The fact that five comparisons suffice to sort four elements is not entirely straightforward to derive, as poring over 5.3.1 of The Art of Computer Programming shows. Knuth shows that it is still less clear that seven comparisons suffice to sort five elements, as 26 < 5! = 120 < 27, as the upper bound is rather tight. The recipe given is very high level, and although I'm confident it can be used to build a code generator, it is not immediately obvious to me how to convert that intuition into actual code.

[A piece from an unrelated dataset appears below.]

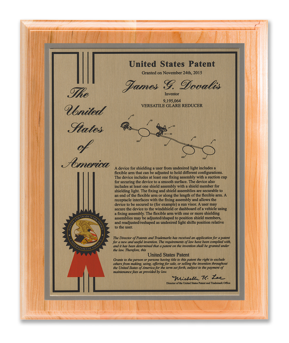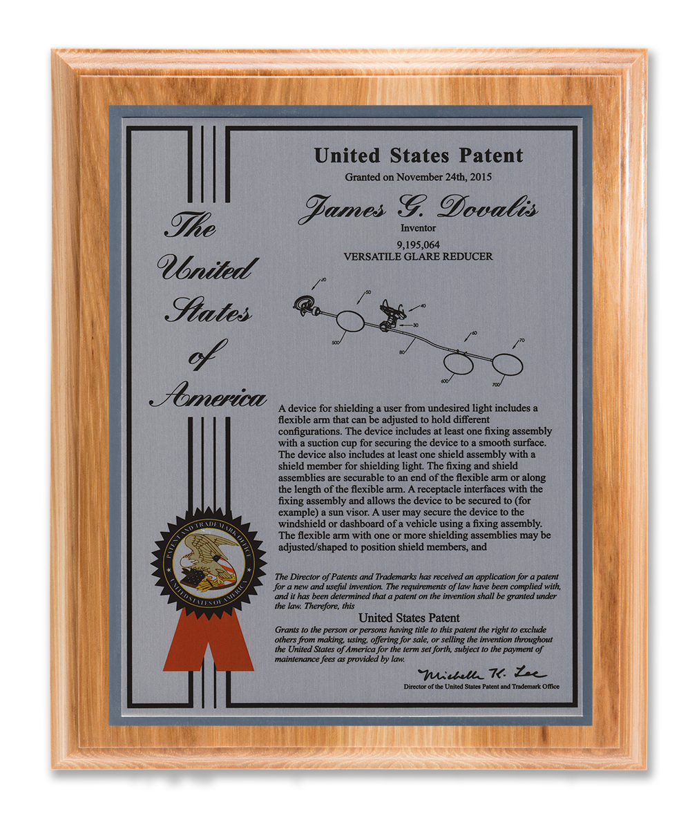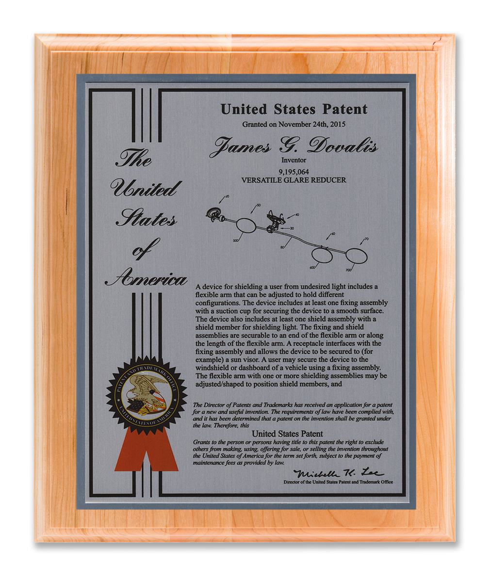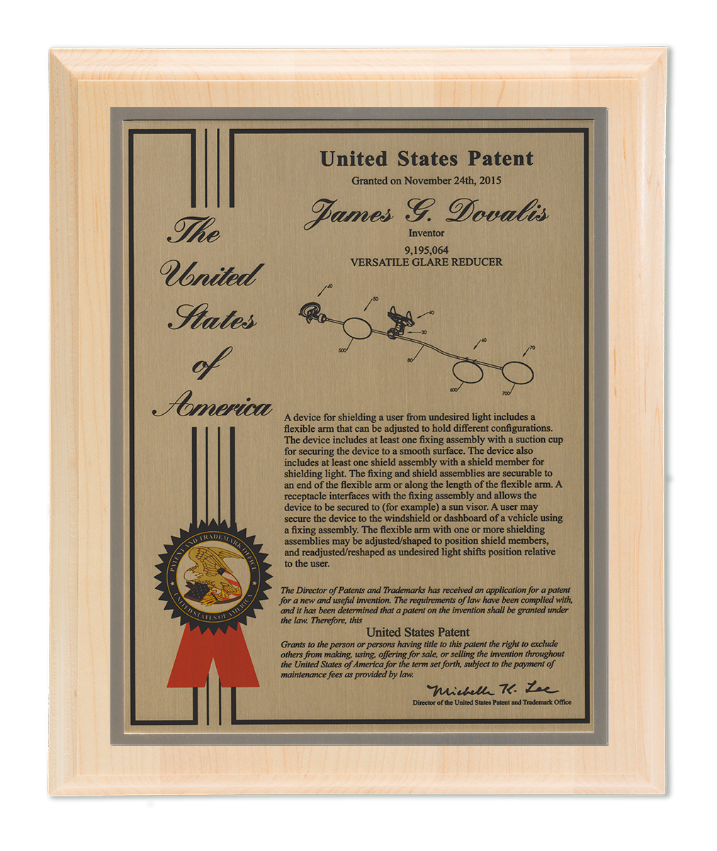 As one of our most patriotic layouts for patent recognition, the Liberty Series patent plaques are a stunning way to display your patent cover page. Your patent award information is attractively enhanced with a United States of America border and seal. The Liberty Series patent award is finished with a timeless and sleek edge style. You select from a variety of sizes as well as solid woods and plating selections to match your home, office, or corporate furnishings. Adding color is a perfect complement to the magnificence of the Liberty design patent plaque.
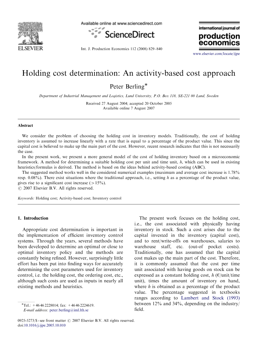 本工作的重点是持有成本,即与库存的库存在库存的成本。这种成本的产生是由于资本投资于存货(资本成本),并在仓库,工资,仓库工作人员等(从口袋成本)的租金/核销。传统上,一个假定资本成本构成了成本的主要部分。因此,通常假定,与库存货物相关联的每一时间单位的成本可以表示为一个固定的成本,小时/单位/时间单位),时间的库存量的手,在那里获得的产品价值的百分比。根据不同的行业/领域,比例建议在教科书范围根据Lambert和股票(1993)12%和34%之间。

This is a good cut-off point to resort to a general-purpose sort; Jon Bentley argues that such small cases are best served by straightforward insertion sort. I went a step further and unrolled a 5-element insertion sort, which has a worst-case complexity of 10 comparisons. The downside to this code is that it is imperative, and destructive: it sorts by swapping the elements in an array:

```let inssort5 v =
let a = v.(1) in
if v.(0) > a then begin
v.(1) <- v.(0);
v.(0) <- a
end;
let a = v.(2) in
if v.(1) > a then begin
v.(2) <- v.(1);
if v.(0) > a then begin
v.(1) <- v.(0);
v.(0) <- a
end else
v.(1) <- a
end;
let a = v.(3) in
if v.(2) > a then begin
v.(3) <- v.(2);
if v.(1) > a then begin
v.(2) <- v.(1);
if v.(0) > a then begin
v.(1) <- v.(0);
v.(0) <- a
end else
v.(1) <- a
end else
v.(2) <- a
end;
let a = v.(4) in
if v.(3) > a then begin
v.(4) <- v.(3);
if v.(2) > a then begin
v.(3) <- v.(2);
if v.(1) > a then begin
v.(2) <- v.(1);
if v.(0) > a then begin
v.(1) <- v.(0);
v.(0) <- a
end else
v.(1) <- a
end else
v.(2) <- a
end else
v.(3) <- a
end
```

Sorting a 5-tuple requires an adapter:

```let sort5 (a, b, c, d, e) =
let v = [| a; b; c; d; e |] in inssort5 v;
v.(0), v.(1), v.(2), v.(3), v.(4)
```

Which can, again, be verified by exhaustively testing it against all 120 permutations of 5 elements:

```let p5 = List.map (function [a;b;c;d;e] -> a,b,c,d,e) (permute [1;2;3;4;5])
in List.for_all ((=) (1, 2, 3, 4, 5)) (List.map sort5 p5)
```

Edit: Indeed, it is possible to directly translate Knuth's instructions for merge-inserting 5 elements into a 7-comparison straight-line sort. As in the text, it is convenient to first rank a, b, c and d so that, say, a < b < d and c < d, then insert e among a, b, d, and finally inserting c. After the ranking is found, merging e is the same in all cases modulo renaming, so it can be considered a sub-routine. This is the code:

```let sort5 (a, b, c, d, e) =
let merge5 a b c d e =
(* abd cd e *)
if e <= b then
if a <= e then (* aebd cd *)
if c <= e then
if c <= a then
(c, a, e, b, d)
else
(a, c, e, b, d)
else
if c <= b then
(a, e, c, b, d)
else
(a, e, b, c, d)
else (* eabd cd *)
if c <= a then
if c <= e then
(c, e, a, b, d)
else
(e, c, a, b, d)
else
if c <= b then
(e, a, c, b, d)
else
(e, a, b, c, d)
else
if e <= d then (* abed cd *)
if c <= b then
if c <= a then
(c, a, b, e, d)
else
(a, c, b, e, d)
else
if c <= e then
(a, b, c, e, d)
else
(a, b, e, c, d)
else (* abde cd *)
if c <= b then
if c <= a then
(c, a, b, d, e)
else
(a, c, b, d, e)
else
(a, b, c, d, e)
in
if a <= b then
if c <= d then
if b <= d then (* abd cd *)
merge5 a b c d e
else (* cdb ab *)
merge5 c d a b e
else
if b <= c then (* abc dc *)
merge5 a b d c e
else (* dcb ab *)
merge5 d c a b e
else
if c <= d then
if a <= d then (* bad cd *)
merge5 b a c d e
else (* cda ba *)
merge5 c d b a e
else
if a <= c then (* bac dc *)
merge5 b a d c e
else (* dca ba *)
merge5 d c b a e
```

The comments show the ranking implied by the result of the comparisons, so that `bac dc` means b < a < cd < c, for instance. Note also that the very last case of `merge5` makes use of transitivity to coalesce two cases into one, for a total of (7⋅14 + 6)/15 = 6.9333 comparisons on average.